Рассказала мне по дороге, что С.Я. все спрашивает, чем заменить слова "распарить тыкву" в одном стихотворении Китса.
- Ничем не надо, С.Я. Так хорошо. Оставьте так.
- Вы говорите, чтобы избавиться и больше не думать, или потому, что это на самом деле хорошо? - спрашивает С.Я. в гневе.
- Потому что на самом деле.
Но через 10 минут опять звонок и новые сомнения.
20.Х.45
Вернулась вчера от Туси в половине второго ночи. В 11 я уже была одета, но до часу простояла перед ней в пальто и шапке. Я смолоду не умела от нее уходить, а теперь, когда она да Шура - все мое достояние, и подавно.
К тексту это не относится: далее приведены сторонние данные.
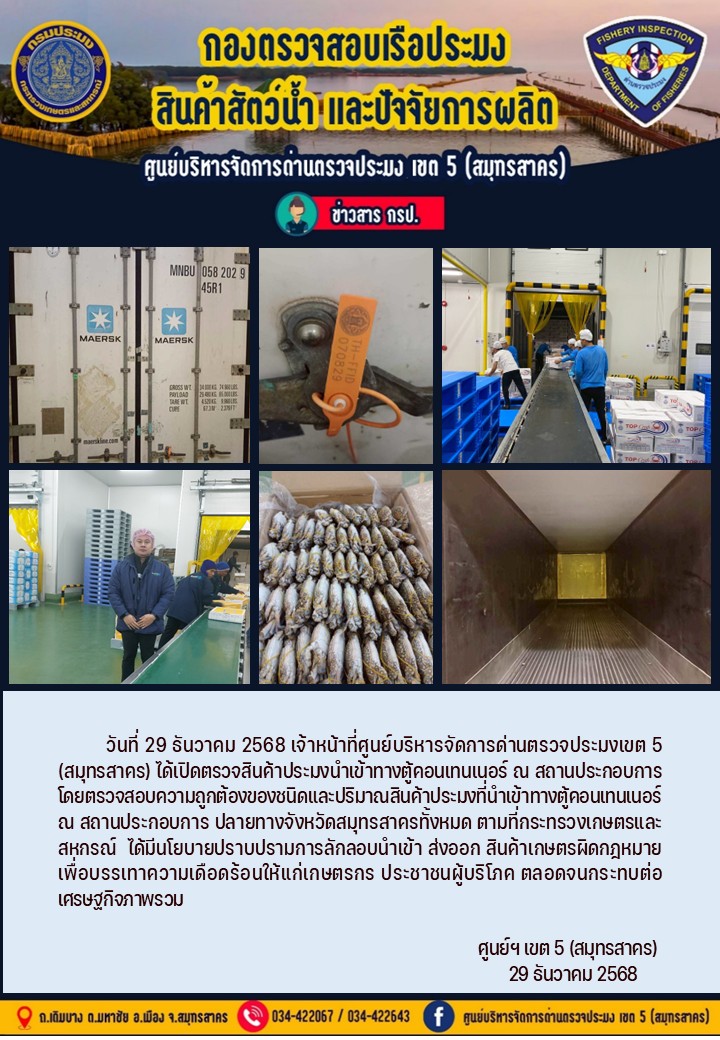 วันที่ 29 ธันวาคม 2568 เจ้าหน้าที่ศูนย์บริหารจัดการด่านตรวจประมงเขต5 (สมุทรสาคร) ได้เปิดตรวจสินค้าประมงนำเข้าทางตู้คอนเทนเนอร์ ณ สถานประกอบการ
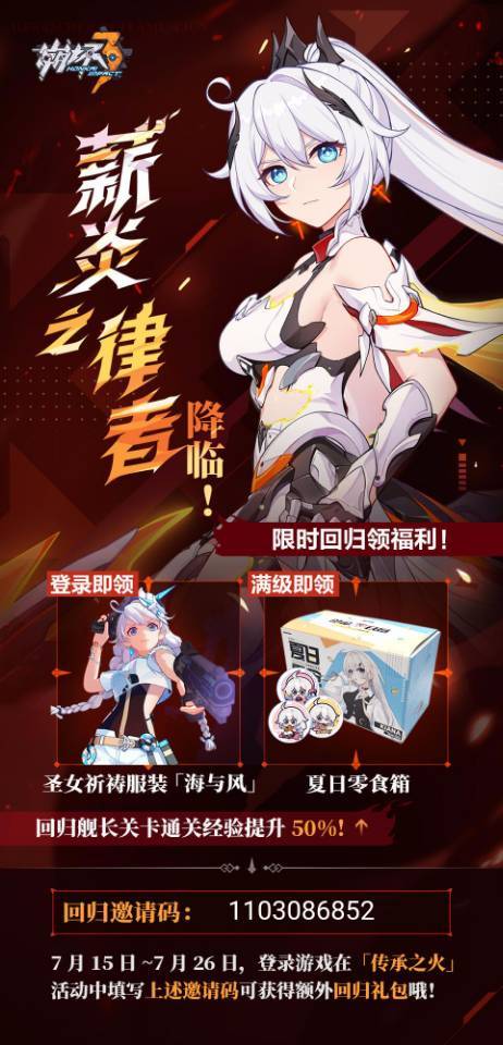 《崩坏3》薪炎之律者降临!登录送琪亚娜夏日服装,还有满级零食箱派送,赶快来看看吧:https://mhyurl.cn/66aVFBA6,现在回归在「传承之火」活动中填写我的邀请码( 47577658)还可领取水晶礼包哦!
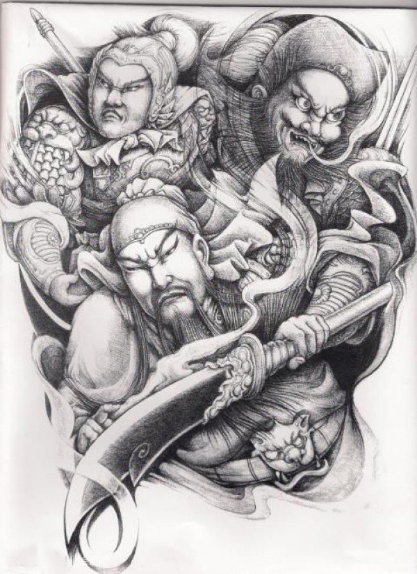 37组中国传统的关羽等人物纹身手稿图案
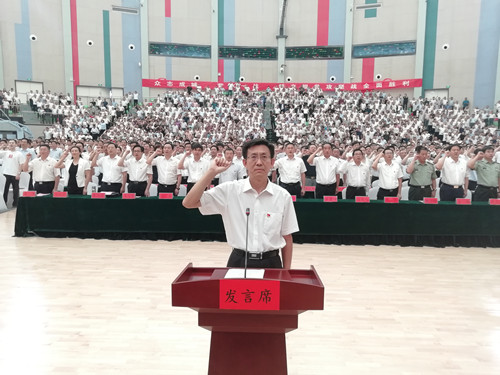 “不忘初心、牢记使命………争分夺秒、苦干实干,坚决打赢脱贫攻坚战!”随着县委书记马明超领誓,与会的约4000名干部集体庄严宣誓。县委副书记、县长王毅主持大会。
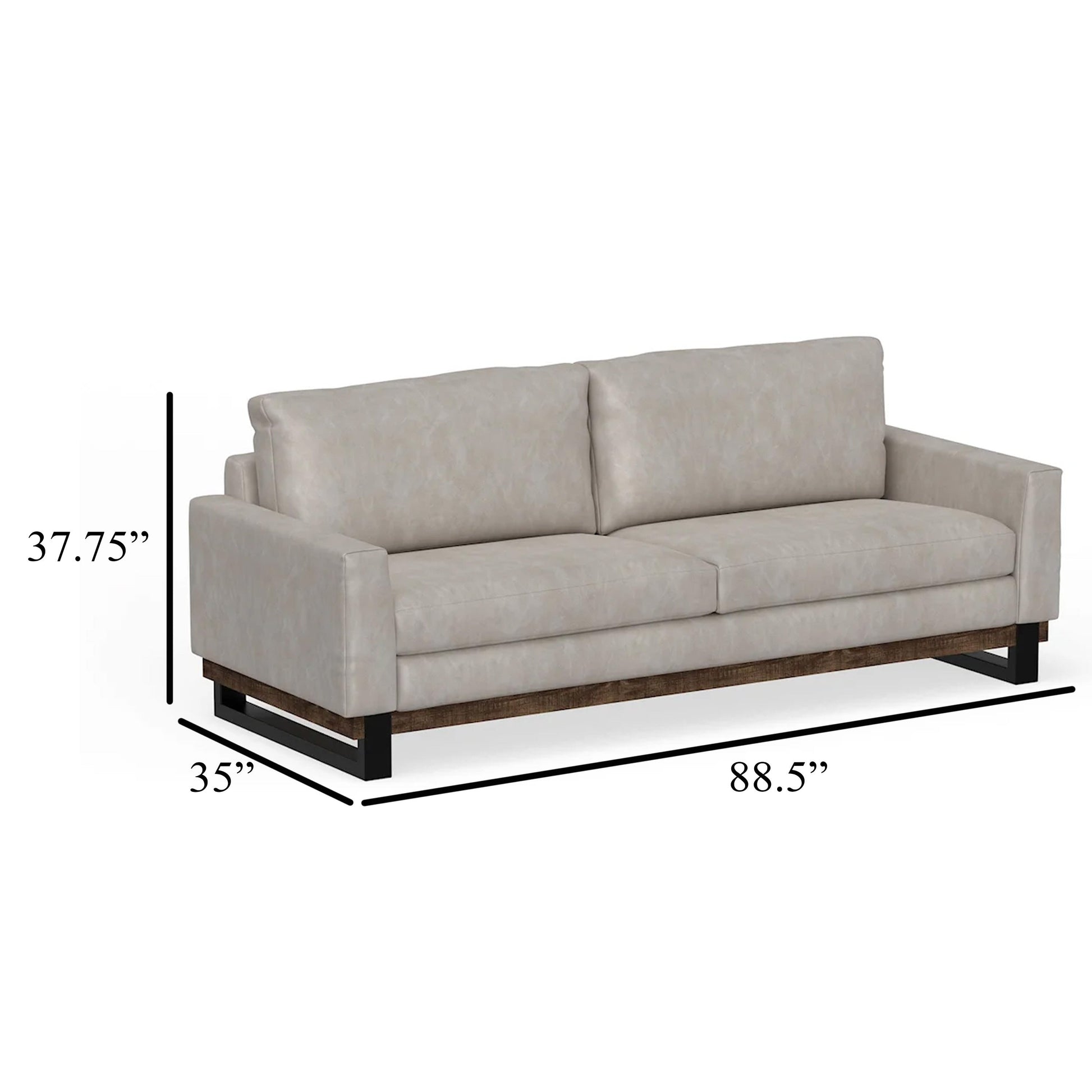 Canapé Bery, piètement moderne en pin massif, similicuir blanc ivoire doux
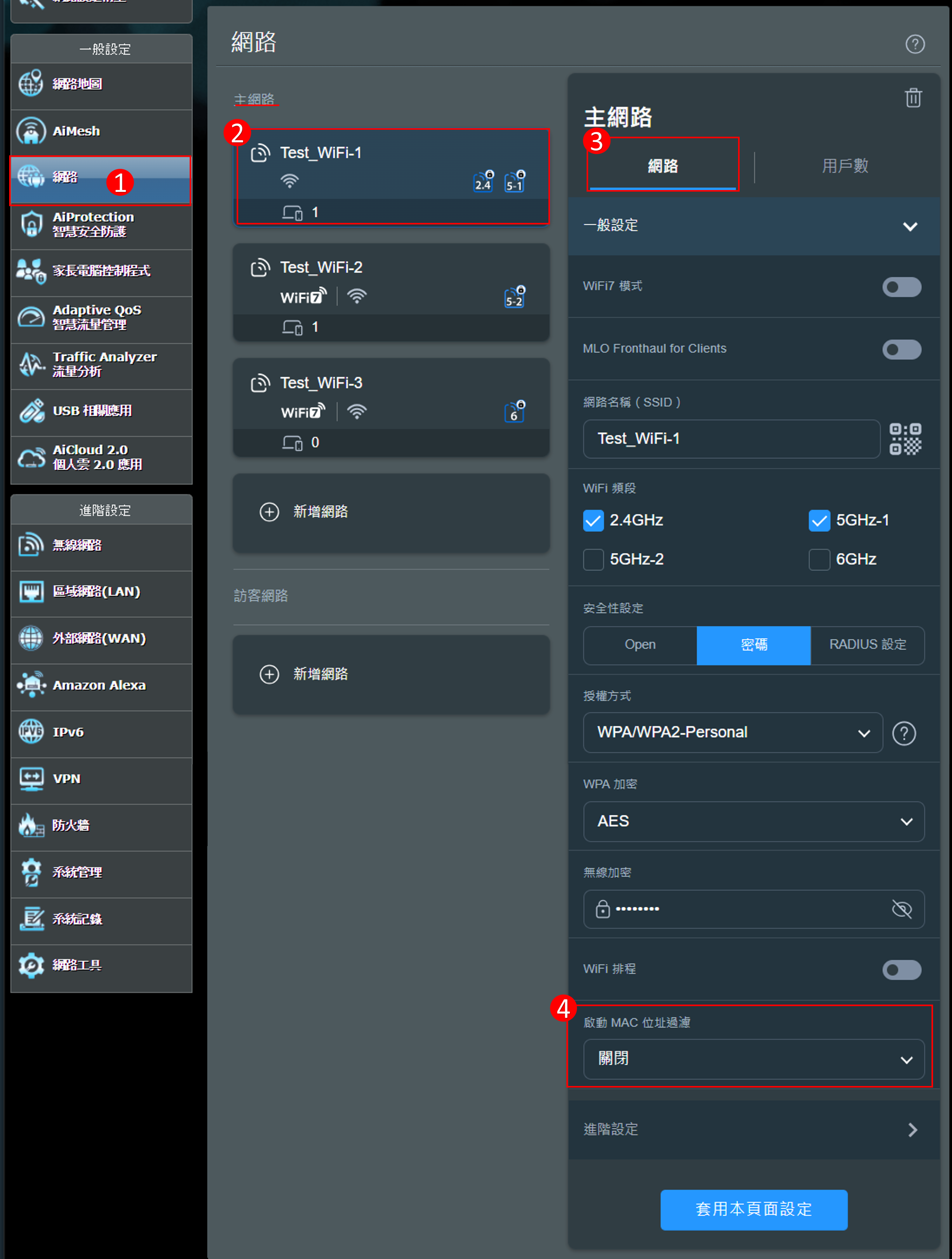 步驟1. 進入華碩路由器App,點擊[設定] > [網路] > [主網路設定檔](以下用Test_WiFi-1為範例) > 在啟動MAC 位址過濾 選擇[拒絕模式]或[拒絕模式] 。

Тусенька съездила в Ленинград недаром. Старый Будда снова стоит на бюро, на том же месте, на той же салфеточке; и фотографии под стеклом... Там Иосиф с высокими молодыми волосами. У нее в комнате все уже снова ленинградское, все наше, из нашей жизни, памятное - последних лет редакции.
Говорили мы обо всем на свете и под конец о нас самих. И все, что во мне смутно, подспудно, - все делается отчетливым здесь, в присутствии Будды, при свете этого голоса.
Мельком я сказала о Грине, что он очень плох, что его формалисты выдумали. Плохой писатель без языка, без мыслей, без людей.
- А формалисты вообще не имели непосредственного слуха к литературе, сказала Туся. - Даже Тынянов. Вот как люди без слуха к музыке. Вот почему им так легко было выдумывать то одно, то другое: непосредственных отношений с поэзией у них не было.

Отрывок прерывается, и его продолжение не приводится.